Perhaps that’s a metaphor for living a good life. If you actually took a moment to reflect, pause and care about what you were doing or even just be aware of it, you could do more good things instead of doing great things (to understand that distinction check out this article by Umair Haque).
Most of the time we’re not faced with the deep moral quandaries that perplex philosophers (e.g. having to choose between our child and our village; go watch the last episode of M.A.S.H.) but we still manage to mire ourselves in short term thinking couched in the language of reason or rationality (which are better described as excuses and rationalization).
It’s easy to tell yourself you’re doing the best you can, making things work with what you have, but are you actually doing the good thing? The action or course of actions that leads to a better world for iteratively more and more people?
But perhaps that’s the problem, that we don’t value a world that it is more vibrant and robust than when we started, or where more people are included in the dialogue to live in that vibrant and robust world.
The Hobbesian notion that we are first and foremost individuals whose lives are “solitary, poor, nasty, brutish, and short” in need of social contracts to police our brutish tendencies has pervaded social, political and economic theory for a couple centures now. Yet contemporary research into neuroscience and psychology emphasizes that at our heart we are not brutish and individualistic. Instead we are social and communal creatures driven by a need to connect and empathize with others.

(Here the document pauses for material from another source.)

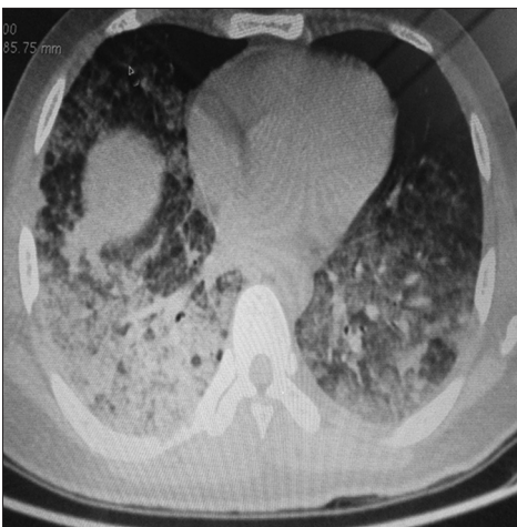
Figure 1: Computed tomography of chest revealing bilateral air space consolidation, ground glass opacities, bilateral parenchymal lesions suggestive of bilateral pneumonitis

As both C. neoformans and influenza virus can present with meningeal symptoms, it is essential to diagnose the primary pathogen so that a proper treatment in proper time can be instituted. Hence, this case highlights the fact that an AIDS patient is a microbiological zoo and all the

Empathy, not rationality, is our greatest strength.
Why is it then that we still glorify rationality and individualism (particularly in the U.S.)?
I don’t get it. We are not distinct agents disconnected from others and powered by our rationality to succeed or not by our own hand. There is no blank slate, no reset button.
This kind of thinking has done considerably more harm than good to the world on all levels, yet it gets perpetuated over and over again because it achieves great things. Things that are perhaps wondrous and effective yet to what end?
If you’re not doing the good thing, who cares if you’re doing great at it.